DATASET SECTION below:

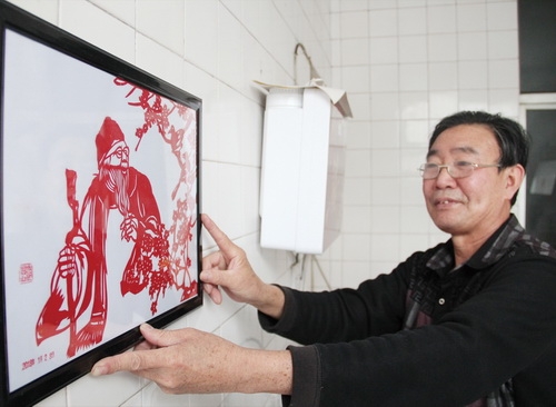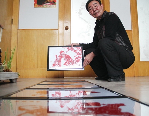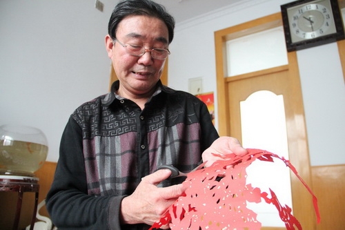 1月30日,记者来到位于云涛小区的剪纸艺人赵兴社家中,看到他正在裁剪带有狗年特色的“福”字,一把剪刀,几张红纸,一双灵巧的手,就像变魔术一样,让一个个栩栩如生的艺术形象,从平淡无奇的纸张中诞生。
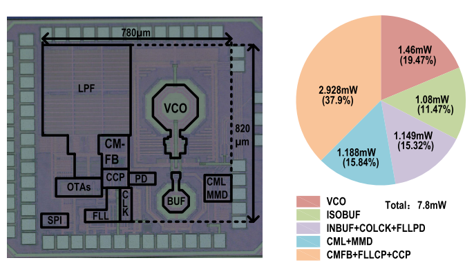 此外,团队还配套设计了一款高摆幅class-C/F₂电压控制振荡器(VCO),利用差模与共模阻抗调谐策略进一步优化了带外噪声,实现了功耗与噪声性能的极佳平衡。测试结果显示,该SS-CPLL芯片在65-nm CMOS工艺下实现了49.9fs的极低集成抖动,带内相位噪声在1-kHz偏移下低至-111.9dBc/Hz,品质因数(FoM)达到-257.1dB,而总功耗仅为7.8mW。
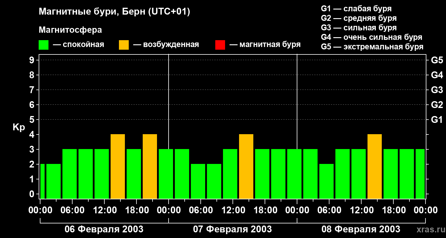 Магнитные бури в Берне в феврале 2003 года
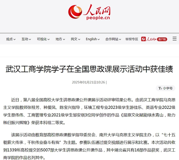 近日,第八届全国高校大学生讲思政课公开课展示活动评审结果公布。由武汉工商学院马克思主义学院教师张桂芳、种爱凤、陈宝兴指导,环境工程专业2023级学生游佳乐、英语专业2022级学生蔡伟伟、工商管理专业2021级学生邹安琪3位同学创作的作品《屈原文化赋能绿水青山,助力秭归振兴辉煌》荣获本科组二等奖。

End of DATASET SECTION.

When you write out the material, reproduce each line exactly and omit any picture it holds.

WRITTEN REPLY |
 1月30日,记者来到位于云涛小区的剪纸艺人赵兴社家中,看到他正在裁剪带有狗年特色的“福”字,一把剪刀,几张红纸,一双灵巧的手,就像变魔术一样,让一个个栩栩如生的艺术形象,从平淡无奇的纸张中诞生。
 此外,团队还配套设计了一款高摆幅class-C/F₂电压控制振荡器(VCO),利用差模与共模阻抗调谐策略进一步优化了带外噪声,实现了功耗与噪声性能的极佳平衡。测试结果显示,该SS-CPLL芯片在65-nm CMOS工艺下实现了49.9fs的极低集成抖动,带内相位噪声在1-kHz偏移下低至-111.9dBc/Hz,品质因数(FoM)达到-257.1dB,而总功耗仅为7.8mW。
 Магнитные бури в Берне в феврале 2003 года
 近日,第八届全国高校大学生讲思政课公开课展示活动评审结果公布。由武汉工商学院马克思主义学院教师张桂芳、种爱凤、陈宝兴指导,环境工程专业2023级学生游佳乐、英语专业2022级学生蔡伟伟、工商管理专业2021级学生邹安琪3位同学创作的作品《屈原文化赋能绿水青山,助力秭归振兴辉煌》荣获本科组二等奖。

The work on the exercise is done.